Goal of the exercise
In the records below, find the line containing "活动中,上海工程技术大学工程" and the line containing "Töltőkábel alumínium csatlakozókkal.". Give again exactly those lines and every line between them, omitting the pictures.

Material shown
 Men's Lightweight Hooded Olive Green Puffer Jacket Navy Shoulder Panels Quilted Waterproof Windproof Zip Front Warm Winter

* * *

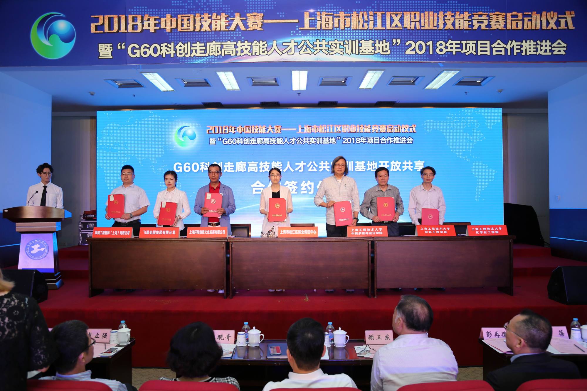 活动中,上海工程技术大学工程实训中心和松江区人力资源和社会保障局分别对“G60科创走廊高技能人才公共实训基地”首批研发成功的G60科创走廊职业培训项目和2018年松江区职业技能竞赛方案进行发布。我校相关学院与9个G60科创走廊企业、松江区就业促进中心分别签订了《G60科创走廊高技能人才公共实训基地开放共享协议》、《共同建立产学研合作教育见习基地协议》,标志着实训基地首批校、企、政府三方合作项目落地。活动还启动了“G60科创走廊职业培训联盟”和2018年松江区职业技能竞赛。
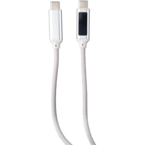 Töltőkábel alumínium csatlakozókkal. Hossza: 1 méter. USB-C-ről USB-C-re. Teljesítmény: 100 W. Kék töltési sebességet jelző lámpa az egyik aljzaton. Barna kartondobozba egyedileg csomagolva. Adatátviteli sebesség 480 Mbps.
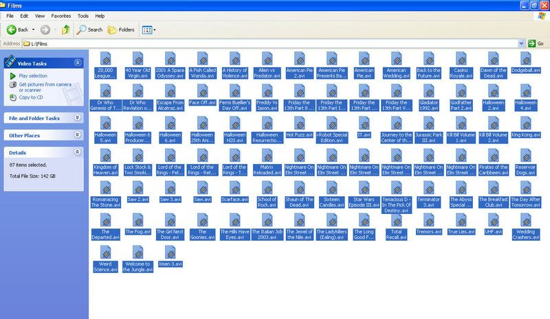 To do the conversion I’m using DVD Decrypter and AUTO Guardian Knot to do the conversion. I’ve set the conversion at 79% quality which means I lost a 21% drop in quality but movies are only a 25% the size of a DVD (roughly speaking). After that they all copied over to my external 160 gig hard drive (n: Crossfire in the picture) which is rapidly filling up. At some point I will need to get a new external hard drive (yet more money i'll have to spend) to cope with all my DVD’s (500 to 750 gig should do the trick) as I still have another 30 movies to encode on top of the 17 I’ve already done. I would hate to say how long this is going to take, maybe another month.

--

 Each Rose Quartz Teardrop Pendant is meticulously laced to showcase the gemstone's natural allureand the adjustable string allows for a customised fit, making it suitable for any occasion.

Output
 活动中,上海工程技术大学工程实训中心和松江区人力资源和社会保障局分别对“G60科创走廊高技能人才公共实训基地”首批研发成功的G60科创走廊职业培训项目和2018年松江区职业技能竞赛方案进行发布。我校相关学院与9个G60科创走廊企业、松江区就业促进中心分别签订了《G60科创走廊高技能人才公共实训基地开放共享协议》、《共同建立产学研合作教育见习基地协议》,标志着实训基地首批校、企、政府三方合作项目落地。活动还启动了“G60科创走廊职业培训联盟”和2018年松江区职业技能竞赛。
 Töltőkábel alumínium csatlakozókkal. Hossza: 1 méter. USB-C-ről USB-C-re. Teljesítmény: 100 W. Kék töltési sebességet jelző lámpa az egyik aljzaton. Barna kartondobozba egyedileg csomagolva. Adatátviteli sebesség 480 Mbps.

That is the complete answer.